→ Description of the task
Every line of the listing below is to be duplicated exactly, with the pictures left out.

→ Stored data

=======

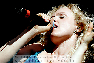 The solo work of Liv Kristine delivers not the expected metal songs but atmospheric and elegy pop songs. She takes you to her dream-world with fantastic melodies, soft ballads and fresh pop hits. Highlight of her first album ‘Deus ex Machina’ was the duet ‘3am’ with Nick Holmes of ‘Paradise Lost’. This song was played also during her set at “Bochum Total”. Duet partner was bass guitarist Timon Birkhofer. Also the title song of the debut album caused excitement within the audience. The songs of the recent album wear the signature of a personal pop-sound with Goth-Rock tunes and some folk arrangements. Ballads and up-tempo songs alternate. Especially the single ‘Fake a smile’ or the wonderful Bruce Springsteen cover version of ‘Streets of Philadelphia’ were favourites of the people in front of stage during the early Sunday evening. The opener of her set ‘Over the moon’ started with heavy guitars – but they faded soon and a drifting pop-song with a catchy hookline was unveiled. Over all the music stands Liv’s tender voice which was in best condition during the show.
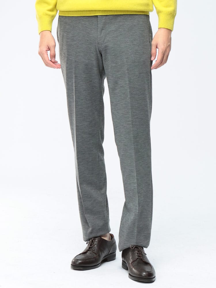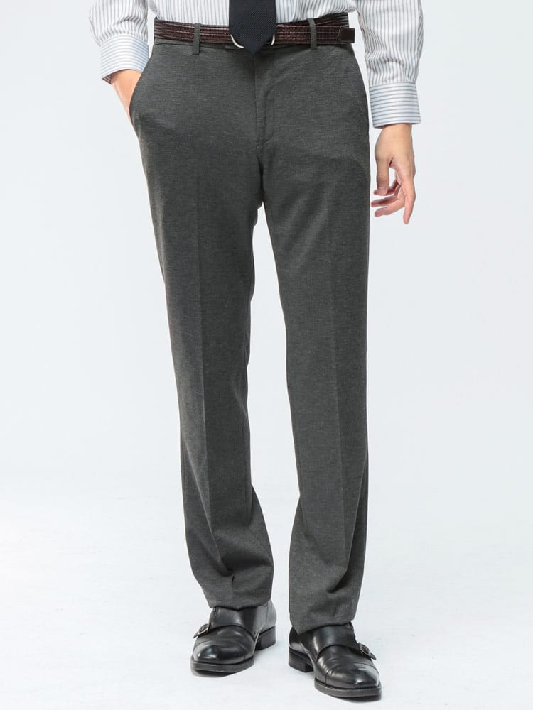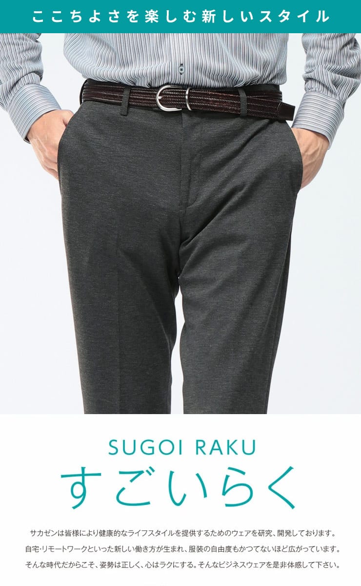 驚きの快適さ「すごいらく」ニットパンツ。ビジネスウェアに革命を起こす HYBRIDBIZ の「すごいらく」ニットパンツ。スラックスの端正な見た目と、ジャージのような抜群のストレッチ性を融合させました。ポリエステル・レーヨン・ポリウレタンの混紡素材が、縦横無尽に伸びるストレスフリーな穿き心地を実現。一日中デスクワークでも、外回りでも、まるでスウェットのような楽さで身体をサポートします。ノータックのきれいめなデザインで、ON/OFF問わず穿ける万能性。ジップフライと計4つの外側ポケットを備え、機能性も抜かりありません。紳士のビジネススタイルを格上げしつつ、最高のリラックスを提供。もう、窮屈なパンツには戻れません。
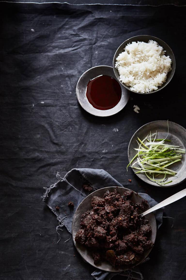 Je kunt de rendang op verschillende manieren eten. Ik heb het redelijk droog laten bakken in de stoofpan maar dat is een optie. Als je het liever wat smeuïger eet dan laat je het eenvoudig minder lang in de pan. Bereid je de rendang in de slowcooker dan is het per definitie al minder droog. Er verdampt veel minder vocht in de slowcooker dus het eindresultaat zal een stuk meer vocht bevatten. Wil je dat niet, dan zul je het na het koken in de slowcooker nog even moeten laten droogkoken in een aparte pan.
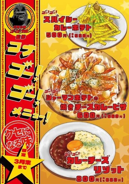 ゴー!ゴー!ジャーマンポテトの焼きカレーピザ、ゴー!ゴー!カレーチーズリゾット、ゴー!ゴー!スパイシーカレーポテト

=======

→ Answer for the task
 The solo work of Liv Kristine delivers not the expected metal songs but atmospheric and elegy pop songs. She takes you to her dream-world with fantastic melodies, soft ballads and fresh pop hits. Highlight of her first album ‘Deus ex Machina’ was the duet ‘3am’ with Nick Holmes of ‘Paradise Lost’. This song was played also during her set at “Bochum Total”. Duet partner was bass guitarist Timon Birkhofer. Also the title song of the debut album caused excitement within the audience. The songs of the recent album wear the signature of a personal pop-sound with Goth-Rock tunes and some folk arrangements. Ballads and up-tempo songs alternate. Especially the single ‘Fake a smile’ or the wonderful Bruce Springsteen cover version of ‘Streets of Philadelphia’ were favourites of the people in front of stage during the early Sunday evening. The opener of her set ‘Over the moon’ started with heavy guitars – but they faded soon and a drifting pop-song with a catchy hookline was unveiled. Over all the music stands Liv’s tender voice which was in best condition during the show.
 驚きの快適さ「すごいらく」ニットパンツ。ビジネスウェアに革命を起こす HYBRIDBIZ の「すごいらく」ニットパンツ。スラックスの端正な見た目と、ジャージのような抜群のストレッチ性を融合させました。ポリエステル・レーヨン・ポリウレタンの混紡素材が、縦横無尽に伸びるストレスフリーな穿き心地を実現。一日中デスクワークでも、外回りでも、まるでスウェットのような楽さで身体をサポートします。ノータックのきれいめなデザインで、ON/OFF問わず穿ける万能性。ジップフライと計4つの外側ポケットを備え、機能性も抜かりありません。紳士のビジネススタイルを格上げしつつ、最高のリラックスを提供。もう、窮屈なパンツには戻れません。
 Je kunt de rendang op verschillende manieren eten. Ik heb het redelijk droog laten bakken in de stoofpan maar dat is een optie. Als je het liever wat smeuïger eet dan laat je het eenvoudig minder lang in de pan. Bereid je de rendang in de slowcooker dan is het per definitie al minder droog. Er verdampt veel minder vocht in de slowcooker dus het eindresultaat zal een stuk meer vocht bevatten. Wil je dat niet, dan zul je het na het koken in de slowcooker nog even moeten laten droogkoken in een aparte pan.
 ゴー!ゴー!ジャーマンポテトの焼きカレーピザ、ゴー!ゴー!カレーチーズリゾット、ゴー!ゴー!スパイシーカレーポテト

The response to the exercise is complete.